TPG
- Formerly: Total Peripherals Group
- Company type: Subsidiary
- Industry: Telecommunications
- Founded: 1986; 40 years ago
- Headquarters: Barangaroo, New South Wales, Australia
- Area served: Australia
- Services: Internet service provider Online television
- Revenue: A$2.495 billion (2014)
- Operating income: A$890 million (2018)
- Net income: A$396 million (2018)
- Total assets: A$832.4 million (2014)
- Total equity: A$832 million (2014)
- Number of employees: 5,083 (July 2016)
- Parent: TPG Telecom
- Website: tpg.com.au

= TPG (internet service provider) =

Australian internet service provider

TPG is an Australian internet service provider that specialises in consumer and business internet services as well as mobile telephone services. As of August 2015, TPG is the second-largest internet service provider in Australia and is the largest mobile virtual network operator. As such, it has over 671,000 ADSL2+ subscribers, 358,000 landline subscribers and 360,000 mobile subscribers, and owns the second-largest ADSL2+ network in Australia, consisting of 391 ADSL2+ DSLAMs. It also operates in New Zealand.

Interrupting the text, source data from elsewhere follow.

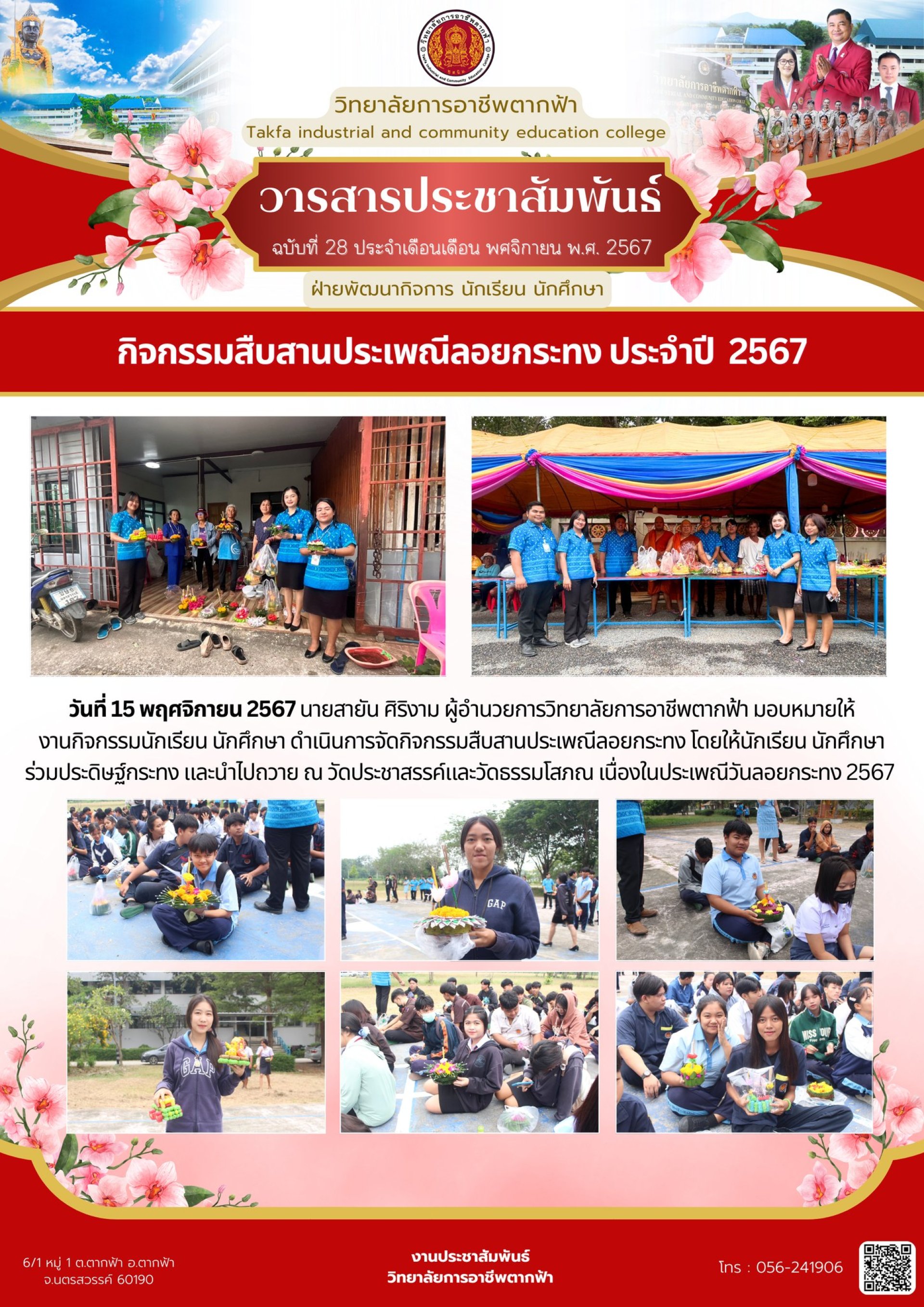 วารสารตากฟ้า ประจำเดือน พฤศจิกายน 2567 ฉบับที่ 28 กิจกรรมสืบสานประเพณีลอยกระทง ประจำปี 2567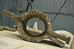 In artillery, capsquares, or capsquires, are strong plates of iron which come over the trunnions of a cannon, keeping it in its carriage. They are fastened by hinges to the paizeplate, so that it could be lifted up and down. They form a part of an arch in the middle, to receive a third part of the thickness of the trunnions; for two thirds of them are let into the carriage, and the other end is fastened by two iron wedges, which are called the forelocks, and keys.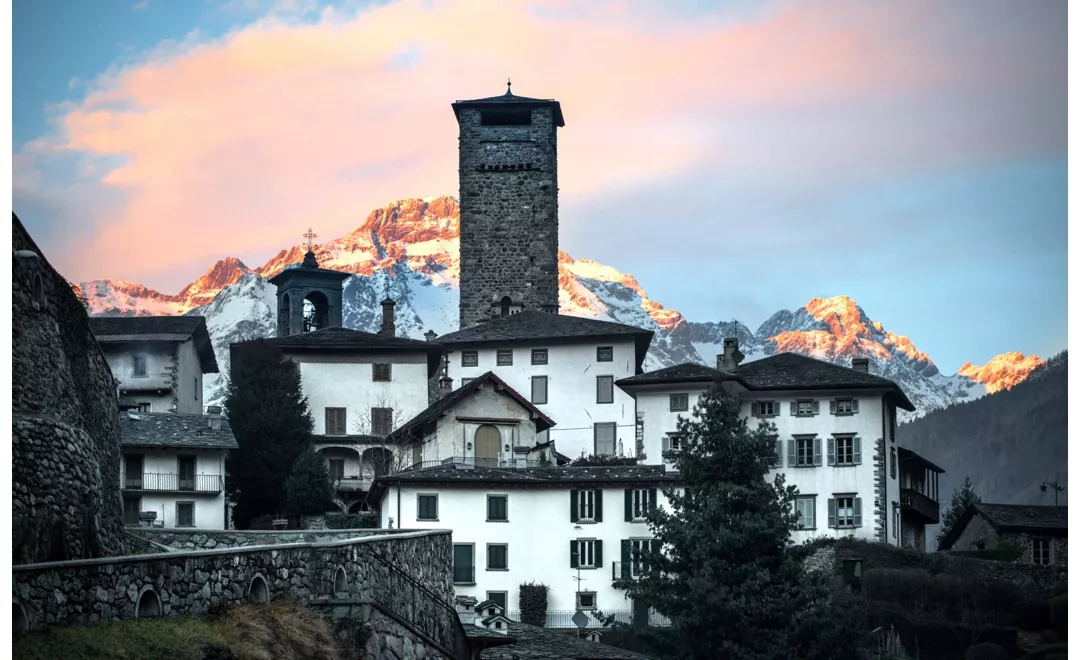 Wenn man von der kleinen Kirche der Dreifaltigkeit aus dem 16. Jahrhundert im Weiler Ripa Alta über den alten Saumpfad nach Gromo hinuntergeht, sieht man eine schützende Schieferdecke, die sich über die Häuser erstreckt: Es sind die Piodes, die die Dächer bedecken und zusammen mit den gepflasterten Gassen (den Strécie), den Steinportalen, den kunstvollen Geländern und den Türmen dem mittelalterlichen Dorf seinen Charme verleihen. In Gromo gibt es viele Türme, die von den Familien errichtet wurden, die mit dem Abbau von Eisen aus den Minen ein Vermögen gemacht haben, um daraus Schwertklingen herzustellen. Es gibt den Wehrturm der Burg Ginami, der im 16. Jahrhundert in den Besitz dieser Familie überging, aber 1246 von den Buccelleni zu militärischen Zwecken auf einem Felsvorsprung erbaut wurde, um das Dorf zu bewachen. Es gibt den Turm des Palazzo Milesi, der 1456 auf der Piazza Dante errichtet wurde und heute das Rathaus beherbergt: ein Gebäude mit doppelter Loggia, Renaissance-Sälen, Fresken aus dem 17. Jahrhundert und der grauen Marmorfassade aus den Steinbrüchen von Ardesio. Es gibt die Burg der Familie Priacini, von der ursprünglichen Konstruktion aus dem 14. Jahrhundert ist nur der Turm des Lavanderio erhalten, der von einigen als noch älter angesehen wird, vielleicht langobardisch. Schließlich bewacht der stämmige Turm Cittadini, auch bekannt als Torre degli Olivari, den Zugang zu den Lagerstätten und den Pässen in den Höhenlagen. Er wurde im 11. bis 12. Jahrhundert aus großen quadratischen Blöcken aus lokalem Stein erbaut.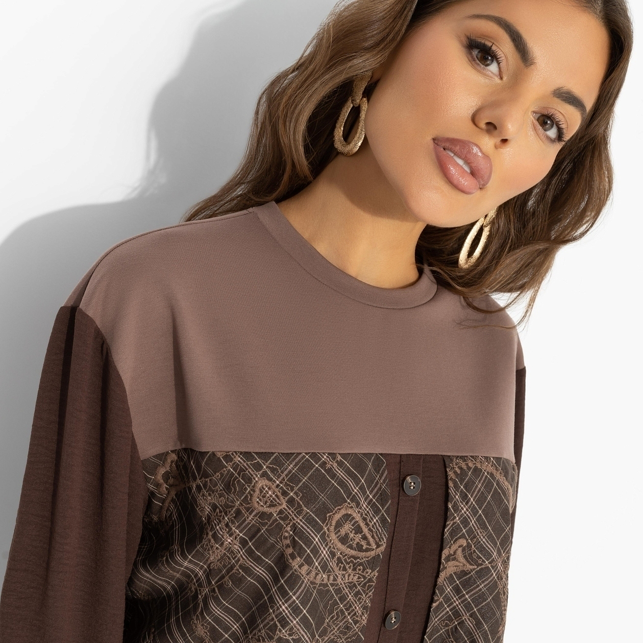 Фьюжн ‒ в офисном гардеробе! Этот свитшот прогоняет скуку серых будней: сочетание фактур, оттенков и узоров намекает, что смелость в стиле ‒ вещь только для взрослых. Любите эксперименты? Вам сюда. Свитшот из трикотажа в комбинации нескольких видов ткани. Гамма шоколадных оттенков, свободный крой.
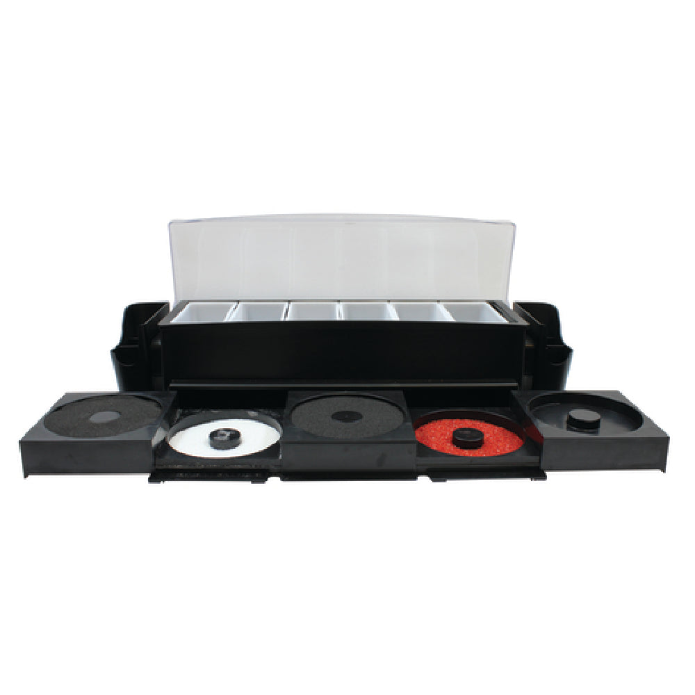 The Tablecraft BCD1400 Cash & Carry Ultimate Garnish Station measures 24-3/4" x 7-1/4" x 6-1/4", making it a compact and efficient solution for various culinary environments. This versatile unit includes one 1-quart and four 1-pint white polypropylene inserts, providing ample space for different ingredients or garnishes. Designed with practicality in mind, it features two caddies and an integrated 5-tray rimming station, ensuring seamless cocktail preparation for bars or restaurants. Constructed from durable ABS plastic, this station combines black and clear elements for a sleek appearance that suits any decor. Dishwasher safe, the BCD1400 facilitates easy cleaning, making it ideal for high-traffic food service establishments where hygiene and efficiency are paramount. This product serves diverse market segments, from small cafes to expansive hospitality venues, with its focus on organization and accessibility. The Tablecraft BCD1400 stands out with its unique blend of functionality and design, optimizing both space and workflow in any professional kitchen or bar setting.

The company was formed from the merger between Total Peripherals Group, which was established in 1986 by David and Vicky Teoh, and SP Telemedia in 2008. In August 2018, TPG and Vodafone Hutchison Australia announced their intention to merge, with TPG holding a 49.9% stake in the merged company. In February 2020, the Federal Court of Australia decided against an objection by the Australian Competition & Consumer Commission opposing that merger. On 13 July 2020, Vodafone Hutchison Australia merged with TPG via a scheme of arrangement. TPG was renamed to TPG Corporation Limited and delisted from Australian Securities Exchange, with Vodafone Hutchison taking on the TPG Telecom name.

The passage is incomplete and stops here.